In this action by a provider to recover assigned first-party no-fault benefits, plaintiff moved for summary judgment. Defendant cross-moved for summary judgment dismissing the complaint on the ground that it had timely denied plaintiff’s claims based on the assignor’s failure to appear at two scheduled examinations under oath (EUOs). The District Court granted plaintiff’s motion for summary judgment and denied defendant’s cross motion for summary judgment, holding that although defendant had established the timely mailing of the EUO scheduling letters and the nonappearance of the assignor at the EUOs, defendant had failed to show that the EUO was “based upon the application of objective standards so that there is a specific objective justification supporting the use of such examination.” This appeal by defendant ensued.

In support of its cross motion for summary judgment dismissing the complaint, defendant submitted affidavits of its no-fault examiner and its mailroom supervisor.

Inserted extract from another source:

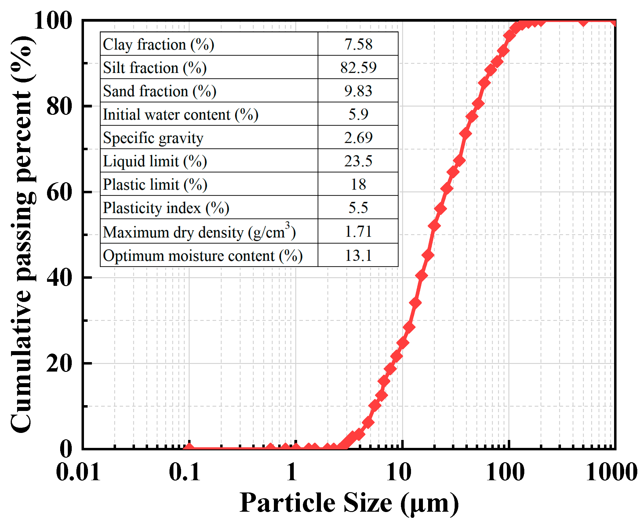 - JTG 3430; Test Methods of Soils for Highway Engineering. Ministry of Transport of the People’s Republic of China: Beijing, China, 2020.

The affidavits sufficiently established that the EUO notices had been sent to plaintiff’s assignor in accordance with defendant’s standard office practices and procedures (see St. Vincent’s Hosp. of Richmond v [*2]Government Empls. Ins. Co., 50 AD3d 1123, 1124 [2008]; Richard Morgan Do, P.C. v State Farm Mut. Auto. Ins. Co., 22 Misc 3d 134[A], 2009 NY Slip Op 50242[U] [App Term, 9th & 10th Jud Dists 2009]; Chi Acupuncture, P.C. v Kemper Auto & Home Ins. Co., 14 Misc 3d 141[A], 2007 NY Slip Op 50352[U] [App Term, 9th & 10th Jud Dists 2007]). Defendant also submitted an affidavit of the investigator who was to perform the EUOs, which established that the assignor had failed to appear therefor (see Stephen Fogel Psychological, P.C. v Progressive Cas. Ins. Co., 35 AD3d 720 [2006]). In addition, defendant sufficiently established that the denial of claim forms had been timely mailed in accordance with defendant’s standard office practices and procedures (see St. Vincent’s Hosp. of Richmond, 50 AD3d at 1124).

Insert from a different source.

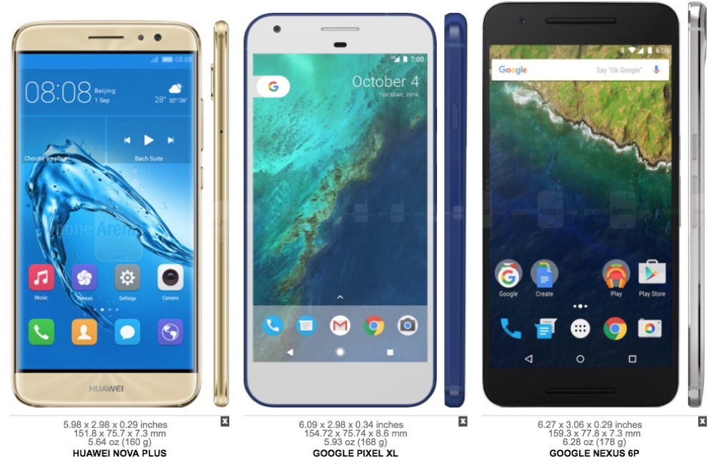El Google Pixel estaría inspirado en el Huawei Nova y el Google Pixel XL en el Nova Plus. Los dos móviles guardan una línea de diseño similar a la del Nexus 6P, mejoran el tamaño, el sensor de huellas y la cámara aunque es de esperar que con Google detrás habrían mejorado todavía más el resultado final. La cámara del Pixel incorpora un sensor IMX379 que en los Nova no está. También se ha añadido un Snapdragon 821 cuando en los Nova se utiliza un procesador muy inferior, lo que repercute en el precio.

The papers substantiate the basis for the EUO request. Moreover, plaintiff does not claim to have responded in any way to defendant’s request for an EUO. Therefore, plaintiff will not be heard to complain that there was no reasonable basis for the EUO request (cf. Westchester County Med. Ctr. v New York Cent. Mut. Fire Ins. Co., 262 AD2d 553 [1999]; Urban Radiology, P.C. v Tri-State Consumer Ins. Co., 27 Misc 3d 140[A], 2010 NY Slip Op 50987[U] [App Term, 2d, 11th & 13th Jud Dists 2010]; Mary Immaculate Hosp. v New York Cent. Mut. Fire Ins. Co., 21 Misc 3d 130[A], 2008 NY Slip Op 52046[U] [App Term, 9th & 10th Jud Dists 2008]).

In light of the foregoing, the order is reversed, defendant’s cross motion for summary judgment dismissing the complaint is granted and plaintiff’s motion for summary judgment is denied.

Tanenbaum, J.P., Molia and LaCava, JJ., concur.